En 2018, la directive Mifid II va largement dominer l’agenda des conseillers financiers. C’est ce qu’explique Albert Verlinden, président de la BZB, la fédération professionnelle qui défend les intérêts des conseillers financiers, à Investment Officer. ‘La nouvelle réglementation a bien plus de répercussions que la plupart des gens ne se l’imaginent aujourd’hui.’
Une charge administrative plus lourde, des exigences de formation plus sévères, et un client toujours plus alerte, voilà de quoi mettre le feu aux poudres au sein de la profession de conseiller financier. La procédure n’a jamais atteint une telle lourdeur et il va en résulter une bataille de consolidation, prédit Verlinden. ‘Le secteur continue de se rétracter. Les bureaux unipersonnels n’existent quasi plus… Nous évoluons vers de plus petites structures de minimum 3 à 5 personnes par bureau, ou des bureaux de plus grande taille de 10 à 20 personnes.’
Médiation de collaboration pour les agents
Au niveau local, ces fusions relèvent plutôt du défi. Des agents dans un premier temps concurrents, se verront contraints de collaborer. Cela requiert une faculté d’adaptation suffisante, pense Verlinden. ‘À l’heure actuelle, le commettant encourage fortement ces fusions locales, mais la question reste de savoir si ce sera encore une grande réussite dans quelques années, car que se passe-t-il en cas de heurts entre eux ? En ce moment, nous mettons sur pied un service de médiation dans le but d’intercéder dans les discussions entre les agents.’
Le secteur prend lentement conscience que la directive Mifid II va plus loin que les fusions. D’après Verlinden, le problème réside dans le fait que le cadre réglementaire européen ne tient pas compte des différences locales.
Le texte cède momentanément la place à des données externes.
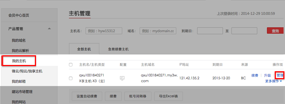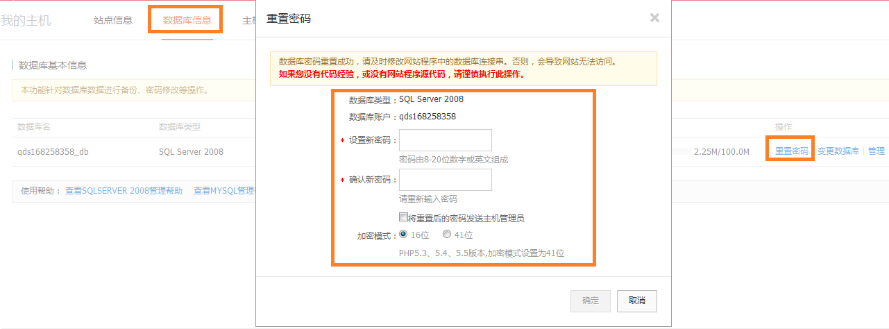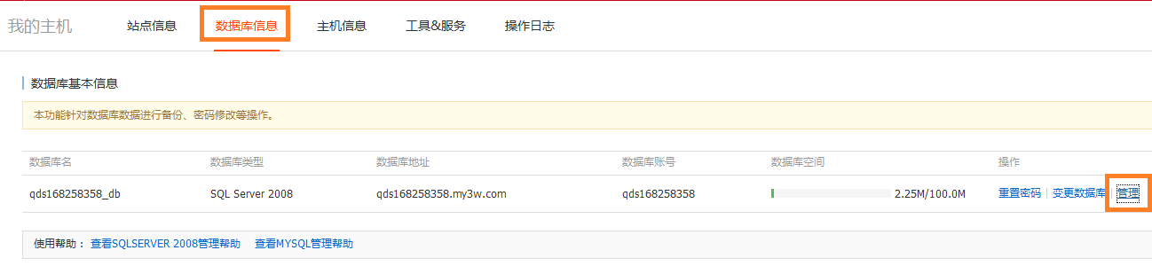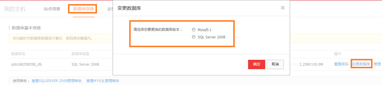 MySQL5.1使用参考手册 使用MySQL5.1数据库的虚拟主机,MySQL数据库相关信息都能够进入主机管理控制台查看、修改及管理。如下图所示: 一、进入主机管理控制台,在“数据库信息”页面,可以进行重置密码、备份、管理的相关操作; (1)、重置密码:系统默认提供的数据库密码是加密的,如果初次使用请先重置数据库管理密码在进行管理,如下图所示: (2)、变更数据库:选择要使用的数据库,再选择点击确定; 特别说明:更换数据库版本后,需重置数据库的密码,否则可能造成数据库连接不成功。更换数据库版本,会清空当前数据库的内容。请确认数据库成功备份后,再执行这项操作。如图所示: (3)、管理:对数据库进行具体管理,点击“管理”将登陆DMS页面,返回旧版就进入phpMyAdmin登陆页面; 登录时请记得输入相应的数据库密码。如下图所示: (4)、备份数据库:数据库备份后都会通过FTP将备份文件上传到指定FTP目录下,windows系统上传目录为根目录,linux上传目录为"/myfolder",如下图所示: 二、phpMyAdmin管理,在“主机管理控制台”的“数据库信息”页面中点击“管理”后,返回旧版phpMyAdmin登陆页面; (1)、登陆phpMyAdmin:输入主机的数据库服务器、数据库用户名及密码,再点击执行,如下图所示: (2)、数据库“导入”功能,也就是数据库的还原功能。当您购买完主机后或者更换主机后,您需要从本地上传您的MySQL数据库信息到数据库服务器上,此时您可以使用这项功能。点击“浏览”选择一个本地的sql文件;文件字符集数据库请根据源数据库的字符集来选择(一般为gbk或utf8),后面选用默认的,点击“执行”,就开始执行还原过程,如下图所示: (3)、数据库“操作”功能,提供添加表、重命名表、复制的功能,如下图所示: (4)、清空或者删除数据库操作,“全选”或“选中指定表”之后,再点击“执行”。就能够清空或删除数据库。如下图所示: 如问题还未解决,请联系售后技术支持。 上一条: 数据库导入的方法介绍 下一条: MySQL数据库的备份操作方法

‘En Belgique, les banques ont la liberté de compléter à leur discrétion les documents relatifs à la directive Mifid II. Ce n’est pas clair pour le consommateur final, car un client de différentes banques reçoit donc des questionnaires différents. Sans oublier qu’il doit chaque fois fournir les mêmes informations. Cette défaillance ne mène pas à plus de transparence et d’harmonisation pour le consommateur final. Au contraire.’
Le monde à l’envers
À l’instar d’une kyrielle de ses confrères au sein du secteur, Verlinden craint par ailleurs que dans certains cas, la directive ne produise l’effet inverse que celui qu’elle vise : une meilleure protection du client. ‘Si vous rendez visite à un avocat, on ne vous demande tout de même pas de connaître le code pénal belge par cœur ? Non, c’est précisément l’avocat qui vous conseille ! Pourquoi cette règle s’applique-t-elle alors aux conseils financiers ? Si le client n’a pas la connaissance requise d’un produit, nous ne pouvons pas lui proposer, ni lui donner un avis en la matière.’
Les consommateurs dépourvus de connaissances dans le domaine risquent justement de manœuvrer en bourse de leur propre chef, parce qu’ils n’évaluent pas pleinement la valeur des conseils, estime Verlinden. L’activité « Execution only » (NDT : activité d’exécution en l’absence de mandat de conseil) n’est pas visée par les règles Mifid. Ces consommateurs ne sont donc absolument plus protégés.’
Selon le président du BZB, ce sont surtout les jeunes et les petits capitaux qui feront l’économie des frais d’un conseiller, alors qu’ils auraient précisément tout intérêt à bénéficier d’un avis professionnel. ‘Faire prospérer un capital naissant relève de l’expertise clé du conseiller. Le conseiller vise d’ailleurs une relation à long terme avec son client et ne peut pas faire de bêtises. Aujourd’hui, le petit investisseur ne s’adressera à un conseiller que lorsqu’il aura pour ainsi dire d’abord gaspillé la moitié de son capital en bourse. C’est le monde à l’envers.’